2026年の夏も厳しい暑さが続き、「今年は涼しい場所へ旅行したい」と考えている人も多いのではないでしょうか。
そんなときに候補になるのが、北海道や軽井沢、上高地などの避暑地です。
ただし、北海道といっても地域によって夏の気温は大きく違います。
そこで今回は、2026年夏におすすめしたい避暑地を「涼しさ」「観光のしやすさ」「夏ならではの楽しみ」の3つの視点から比較。とにかく涼しく過ごしたい人から、観光もグルメも楽しみたい人まで、おすすめの旅行先を紹介します。
2026年の夏、避暑地が注目される理由
2026年の夏は、暑さから少し離れて過ごせる旅行先への注目が高まりそうです。
気象庁が7月21日に発表した3か月予報では、向こう3か月の気温は北・東・西日本で「平年並か高い」見込みとされています。
さらに7月中旬から下旬にかけては、西日本で記録的な高温となりました。
つまり今年は、「夏だから暑い」と諦めるだけではなく、旅行先そのものを変えて暑さを避けるという選択肢も考えたいところです。
ただし、避暑地だからといって必ず涼しいわけではありません。
同じ北海道でも札幌・旭川と釧路では夏の気候が大きく違いますし、山間部では昼と朝晩の気温差もあります。
そこで今回は、単純な知名度だけではなく「涼しさ」を重視して選びます。
2026年おすすめの避暑地5選
まずは今回おすすめしたい5つのエリアを簡単に比較してみましょう。
| 避暑地 | 涼しさ | 観光のしやすさ | おすすめポイント |
|---|---|---|---|
| 釧路・道東 | ★★★★★ | ★★★☆☆ | とにかく涼しく過ごしたい人向け |
| 美瑛・富良野 | ★★★★☆ | ★★★★☆ | 北海道らしい絶景を楽しみたい人向け |
| 軽井沢 | ★★★★☆ | ★★★★★ | 涼しさとグルメ・ショッピングを楽しみたい人向け |
| 上高地 | ★★★★★ | ★★★☆☆ | 山・川・森林など自然を満喫したい人向け |
| 旭川・大雪山周辺 | ★★★★☆ | ★★★★☆ | 北海道の自然と観光を組み合わせたい人向け |
※「涼しさ」「観光のしやすさ」は旅行先としての一般的な傾向をもとにした目安です。
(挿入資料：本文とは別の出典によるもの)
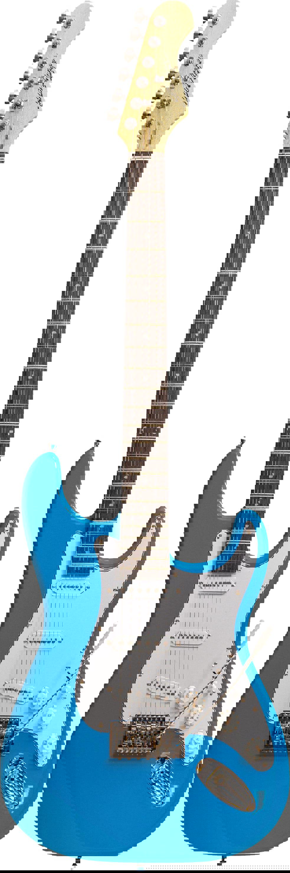 A high-quality standard electric guitar with high gloss finish, supplied with a 2. 4 metre jack lead. The guitar features a 22 fret maple neck, solid body, chrome machine heads, high gloss finish and 3 high quality single coil pickups . The guitar is supplied with a spare tremolo arm and adjustment tools for the trust rod and playing action.
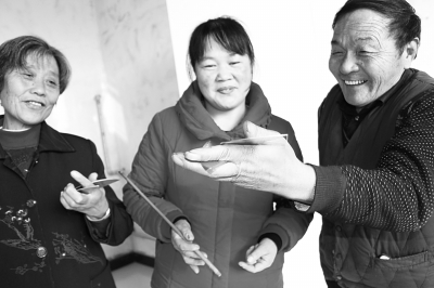 山东省无棣县小泊头镇东芦马村村民高金香和雷祥和正在三弦书传承人朱延安的指导下演唱三弦《酒色财气》。朱延安是山东省曲协会员,也是该县的市级非物质文化遗产三弦书的创始人。蒋惠庆 冯晓华摄
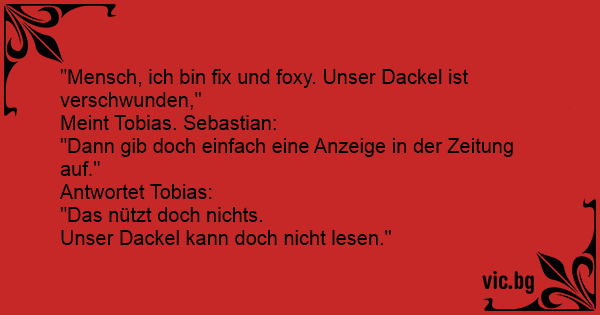 "Mensch, ich bin fix und foxy. Unser Dackel ist verschwunden,"
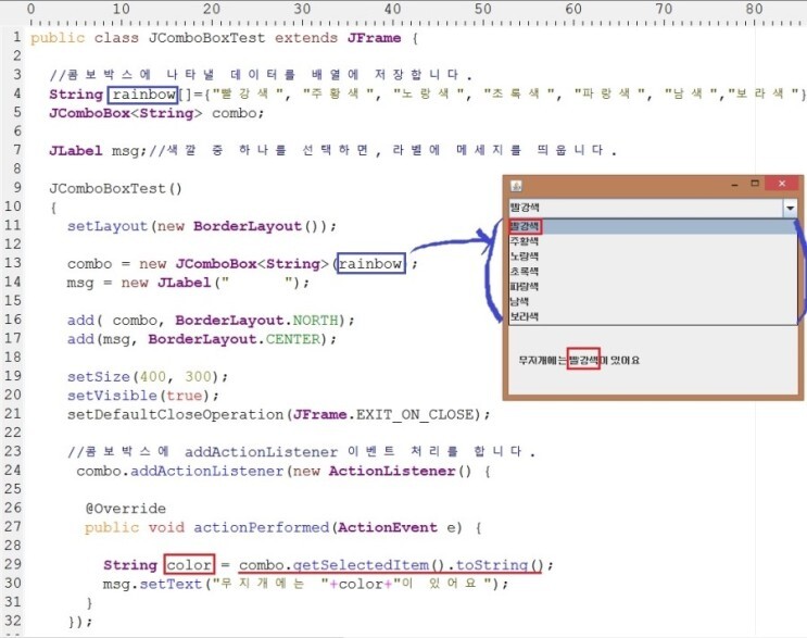 JLabel msg;//색깔 중 하나를 선택하면, 라벨에 메세지를 띄웁니다.
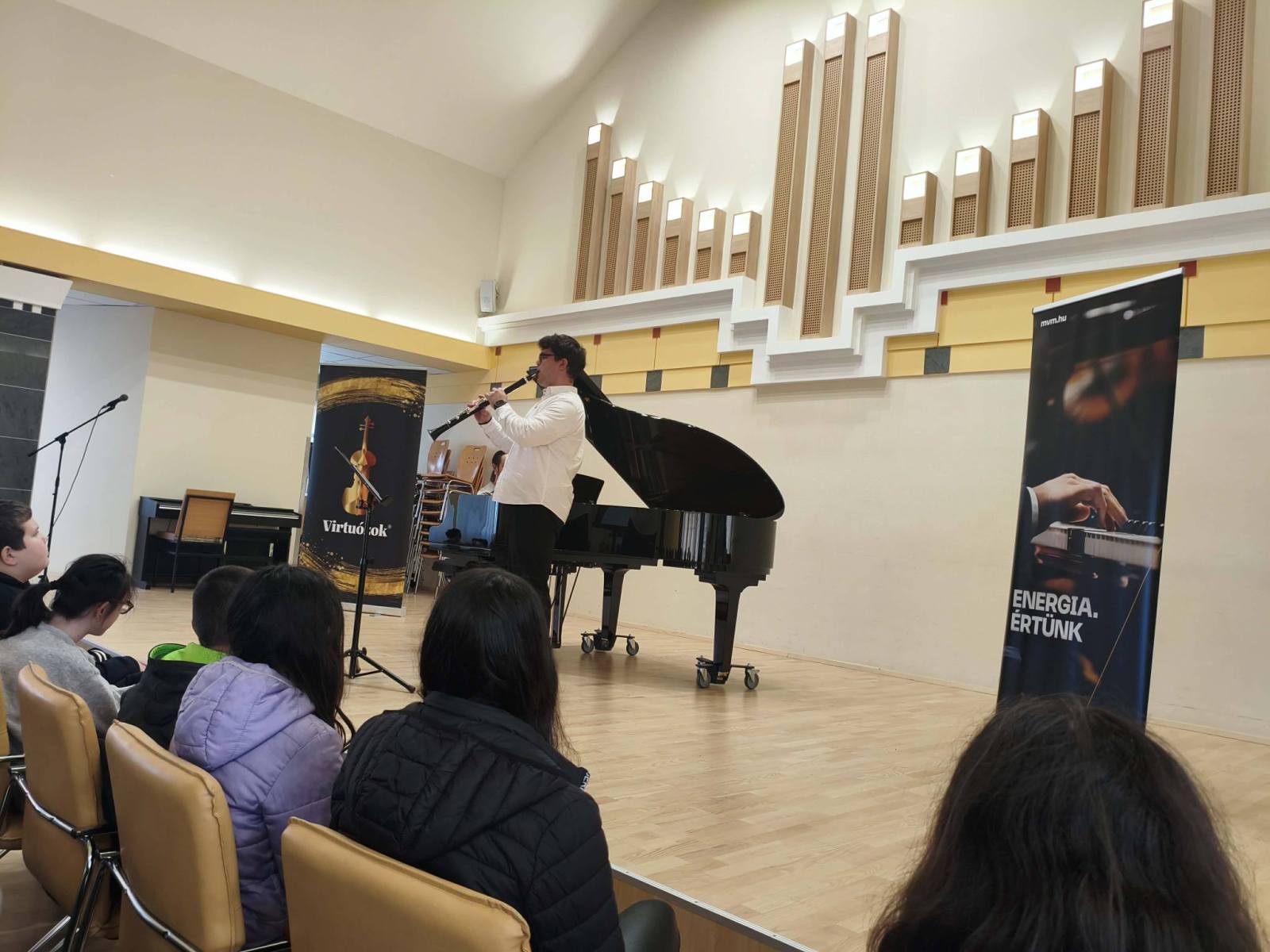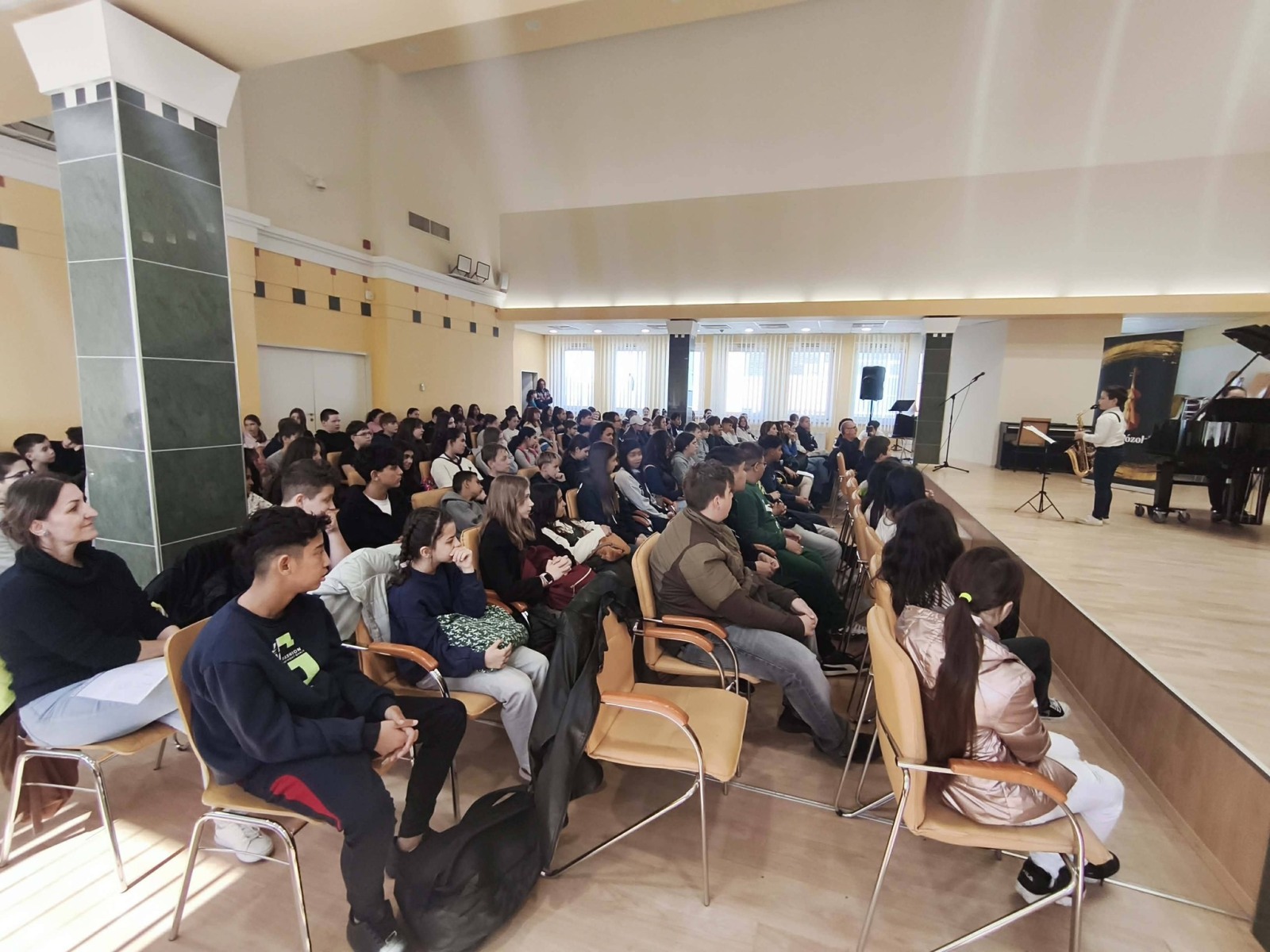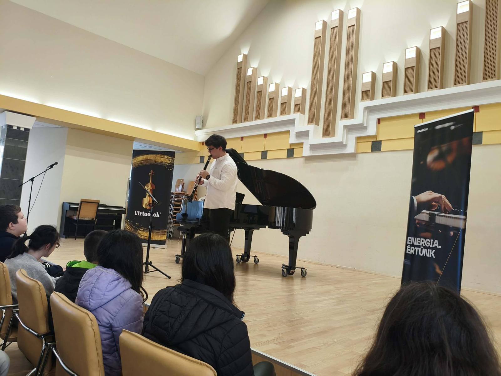 Iskolánk 6. évfolyamos tanulói a Lázár Ervin Program keretében a Kodály Zoltán Zeneművészeti Szakgimnázium és Zeneiskola Kis Virtuózok Alapítványa tagjainak előadásában különböző hangszerekkel és komolyzenei darabokkal ismerkedtek a tavaszi szünet előtti utolsó napon Debrecenben a szakgimnázium Simonffy termében. A Zene jövője és Földünk jövője című hangversenyre Demeter Ágnes és Székely Bence osztályfőnökök kísérték el a gyerekeket. KGYZE

実際の気温や天候は旅行日によって変わります。
1位|釧路・道東は「とにかく涼しい」が魅力
「旅行では観光よりも、とにかく暑さから逃げたい!」
そんな人にまずおすすめしたいのが、北海道の釧路エリアです。
気象庁の平年値を見ると、釧路の8月上旬は平均気温が18℃前後、最高気温が21℃前後、最低気温が15℃台となっています。
東京などの都市部とはかなり違った夏の気候です。
釧路が「天然の避暑地」と呼ばれる理由
釧路地方気象台によると、釧路地方の夏は海霧が多く、気温が上がりにくいのが特徴。
6〜8月の平年値では、釧路の真夏日(日最高気温30℃以上)は0.3日。一方、札幌は8.6日となっています。
釧路地方気象台も、釧路を「天然の避暑地」と紹介しています。
「北海道ならどこでも涼しい」と考えるのではなく、涼しさを最優先するなら道東、とくに釧路はかなり有力な候補です。
釧路で楽しみたい夏の観光
釧路なら、釧路湿原や阿寒湖、摩周湖など、北海道らしい大自然を楽しめます。
特に「暑い街中を歩き回る観光はちょっと苦手」という人には、自然の中でゆったり過ごせる道東旅行が向いています。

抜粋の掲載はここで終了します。